WORK TASK: Exactly the lines below starting at the line with "花瓶 磁器 陶磁 青花" and ending at the line with "Зубная паста Sensodyne" are wanted, with both ends included. Leave out the pictures and add no other lines.

THE RECORDS:
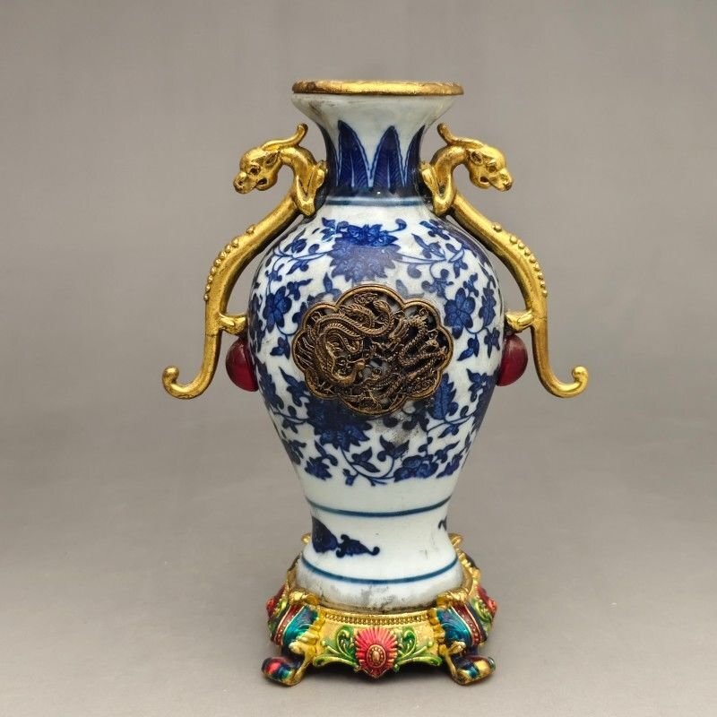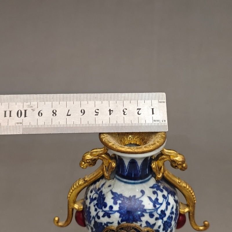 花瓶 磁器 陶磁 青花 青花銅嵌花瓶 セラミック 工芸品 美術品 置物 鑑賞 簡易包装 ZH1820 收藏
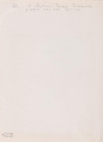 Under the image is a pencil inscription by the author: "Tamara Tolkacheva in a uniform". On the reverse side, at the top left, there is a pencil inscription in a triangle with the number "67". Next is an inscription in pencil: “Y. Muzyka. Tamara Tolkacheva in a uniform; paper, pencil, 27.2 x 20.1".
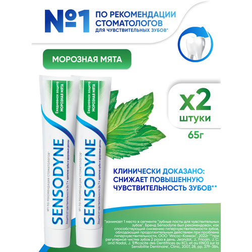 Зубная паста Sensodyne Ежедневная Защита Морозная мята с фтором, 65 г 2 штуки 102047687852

...

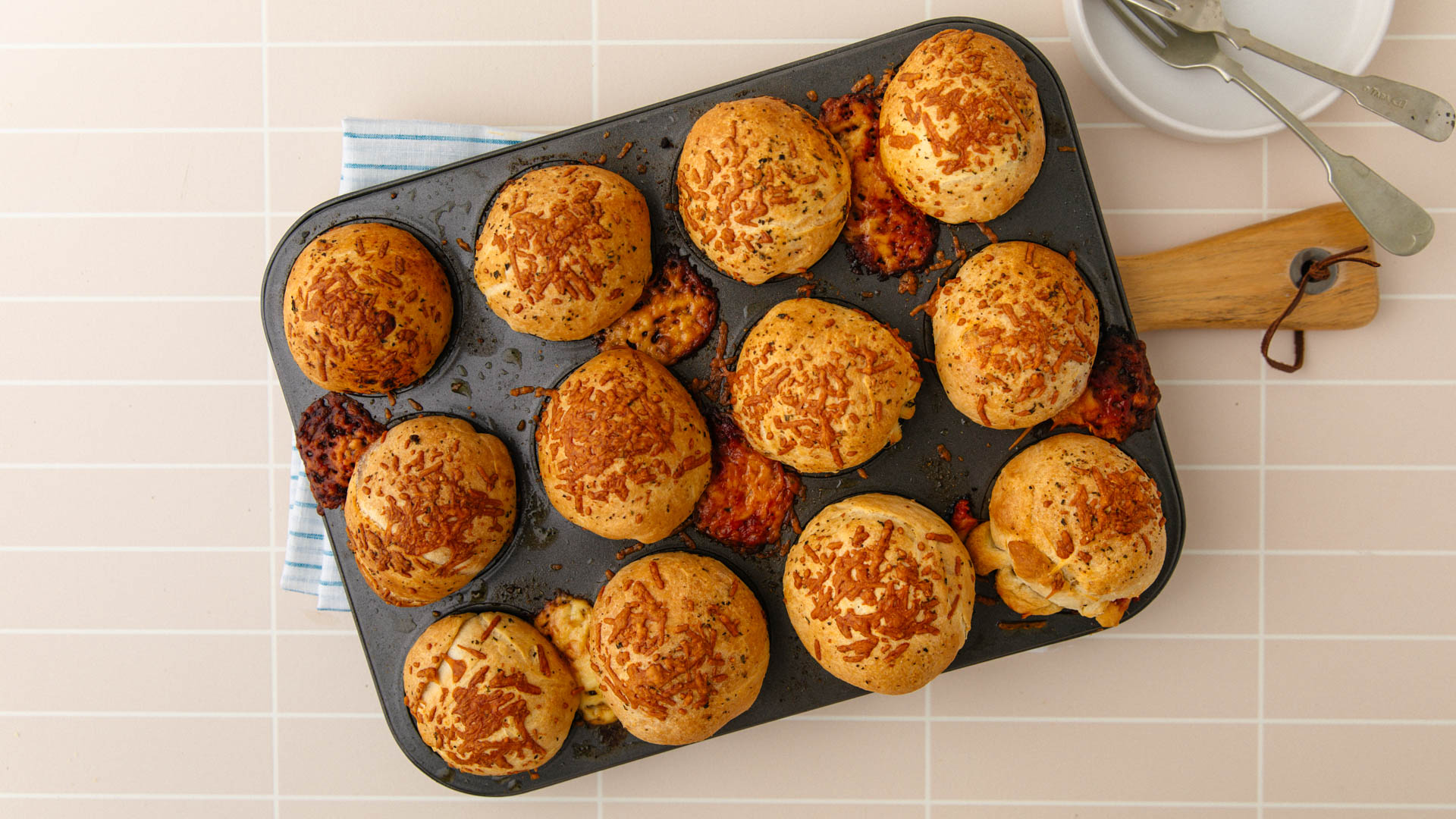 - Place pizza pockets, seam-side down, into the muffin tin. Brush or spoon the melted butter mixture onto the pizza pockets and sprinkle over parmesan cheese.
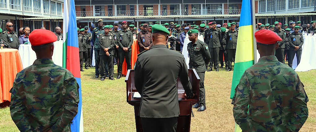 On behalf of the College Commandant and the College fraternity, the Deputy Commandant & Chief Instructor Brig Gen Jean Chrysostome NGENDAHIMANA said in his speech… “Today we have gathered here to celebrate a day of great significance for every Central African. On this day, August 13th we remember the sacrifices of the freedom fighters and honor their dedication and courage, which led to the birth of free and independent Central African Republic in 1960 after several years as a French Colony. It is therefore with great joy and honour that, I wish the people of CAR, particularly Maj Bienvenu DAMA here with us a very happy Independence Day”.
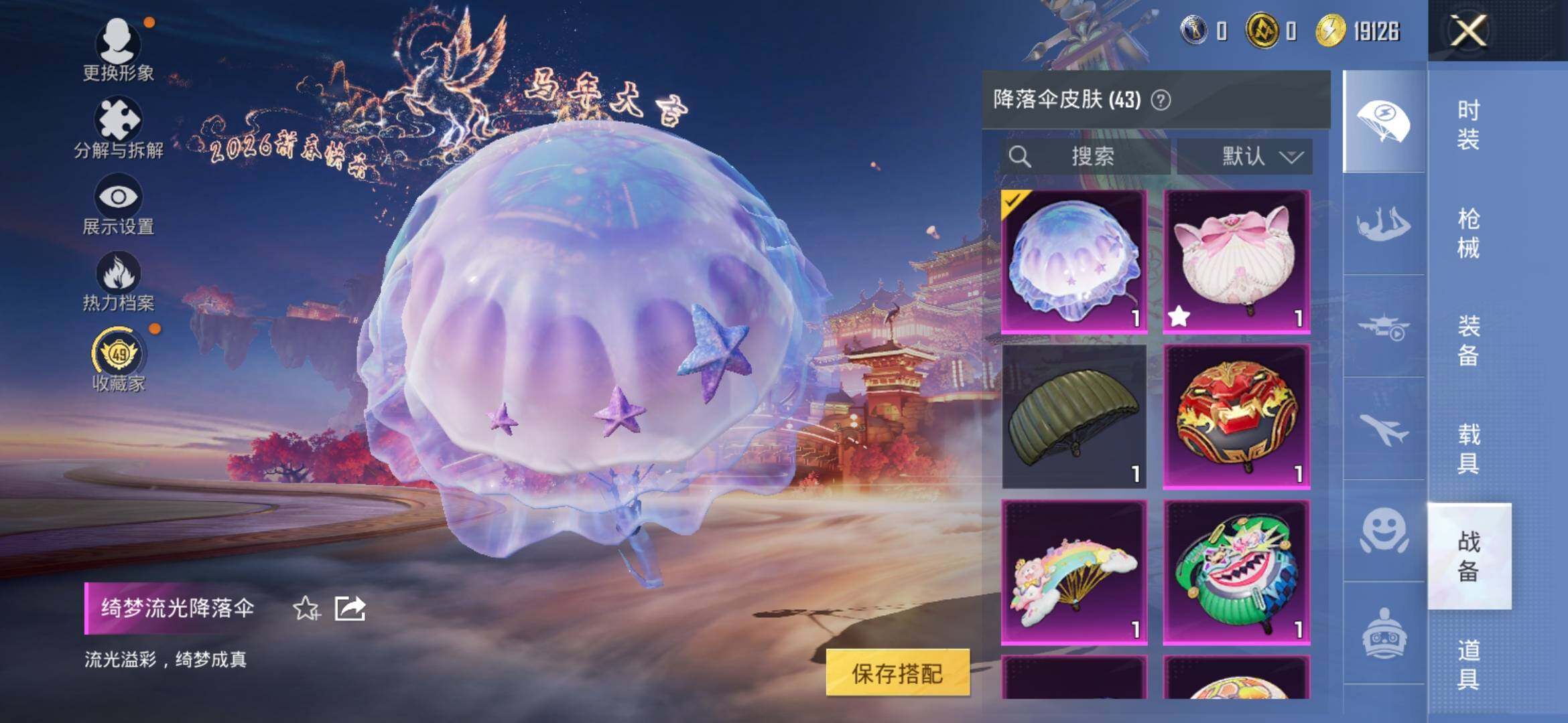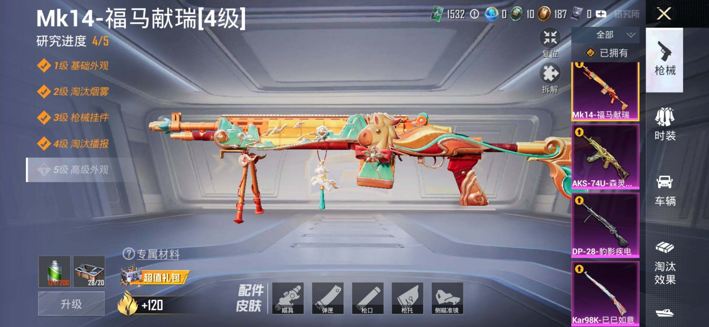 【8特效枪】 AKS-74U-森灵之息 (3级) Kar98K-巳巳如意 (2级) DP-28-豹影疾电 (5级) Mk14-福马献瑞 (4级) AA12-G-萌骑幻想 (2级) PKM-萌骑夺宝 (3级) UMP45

EXPECTED ANSWER:
 花瓶 磁器 陶磁 青花 青花銅嵌花瓶 セラミック 工芸品 美術品 置物 鑑賞 簡易包装 ZH1820 收藏
 Under the image is a pencil inscription by the author: "Tamara Tolkacheva in a uniform". On the reverse side, at the top left, there is a pencil inscription in a triangle with the number "67". Next is an inscription in pencil: “Y. Muzyka. Tamara Tolkacheva in a uniform; paper, pencil, 27.2 x 20.1".
 Зубная паста Sensodyne Ежедневная Защита Морозная мята с фтором, 65 г 2 штуки 102047687852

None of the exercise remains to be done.